Make the hot sauce honey. Microwave the honey until runny. (Or place it in a glass, nestled inside a bowl of hot water.) Add hot sauce to taste.
Set a 10-inch cast-iron skillet over medium to medium-high heat. Add a big hunk of butter (figure about 2 tablespoons) to the pan. Bread a couple slices of challah: Cover in flour. Dip in custard, making sure it gets completely soaked. Cover in panko. By now, the butter should be melted and the skillet should be hot. Add the breaded challah—it should sizzle! Fry for about 3 minutes, until the bottom is deeply browned. Add another, smaller pat of butter to the pan and flip. Fry the other side for the same amount of time, until deeply browned. Sprinkle with salt.

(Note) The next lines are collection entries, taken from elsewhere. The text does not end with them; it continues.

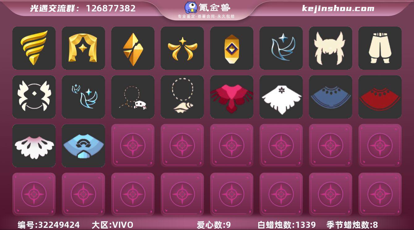 蜡烛数量:1339 爱心数量:9 季节蜡烛数量:8 翼数量:11 潜海季,表演季,破晓季,欧若拉季,追忆季,青鸟季 蟑螂斗,白鸟斗,黑金,红金,樱花斗,暗彩斗 白枭 武士裤 青鸟毕业面饰 青鸟毕业项链,螃蟹肩饰,海螺项链 卖家说:【白枭➕小王子围巾➕欧若拉毕业礼,潜海季➕表演季➕破晓季➕欧若拉季➕追忆季➕青鸟季】全图基本毕业,热门斗篷发型,急出,本人正常学生作息时间在线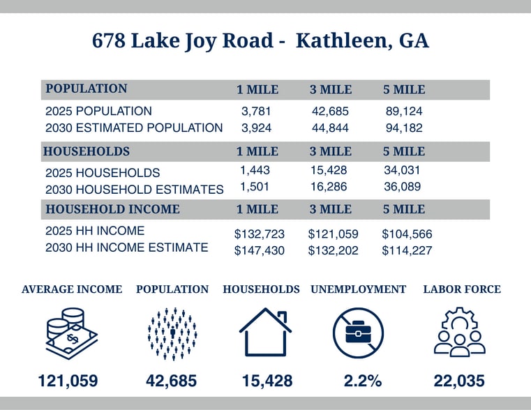 This ±3,000 SF retail space at 678 Lake Joy Road in Kathleen, GA offers a strong opportunity in one of Houston County’s growing commercial corridors. Situated on approximately 1.05 acres, the property features ample parking and a flexible layout, previously occupied by Brown’s Eye Center. Located at the signalized intersection of Lake Joy Road and Highway 96, the site provides excellent visibility with a combined traffic count of over 36,000 vehicles per day. The surrounding area includes well-known retailers and restaurants such as Firehouse Subs and Freddy’s Frozen Custard & Steakburgers, along with nearby destinations like Lowe’s, Rigby’s Entertainment Complex, and Houston Lake Cinemas. Offered at $30/SF, NNN, this space benefits from strong local demographics, steady residential growth, and a high-traffic retail environment.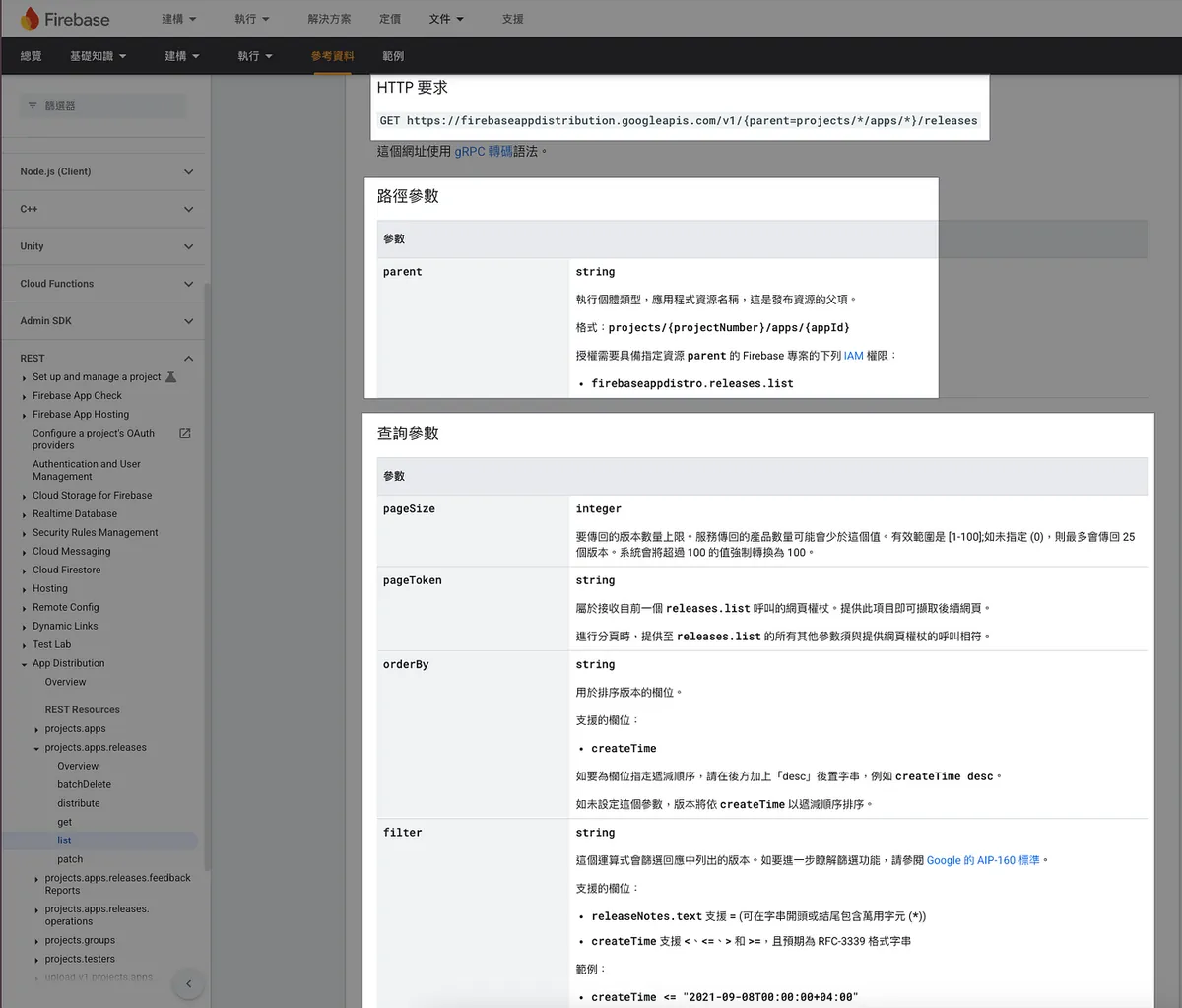// Filter: https://firebase.google.com/docs/reference/app-distribution/rest/v1/projects.apps.releases/list?hl=zh-tw

Repeat with the remaining bread slices, wiping out the pan and replacing with butter as needed. Serve French toast hot, with hot sauce honey drizzled on top.
Emma is the food editor at Food52. Before this, she worked a lot of odd jobs, all at the same time. Think: stir-frying noodles "on the fly," baking dozens of pastries at 3 a.m., reviewing restaurants, and writing articles about everything from how to use leftover mashed potatoes to the history of pies in North Carolina. Now she lives in Maplewood, New Jersey with her husband and their cat, Butter. Stay tuned every Tuesday for Emma's cooking column, Big Little Recipes, all about big flavor and little ingredient lists. And see what she's up to on Instagram at @emmalaperruque.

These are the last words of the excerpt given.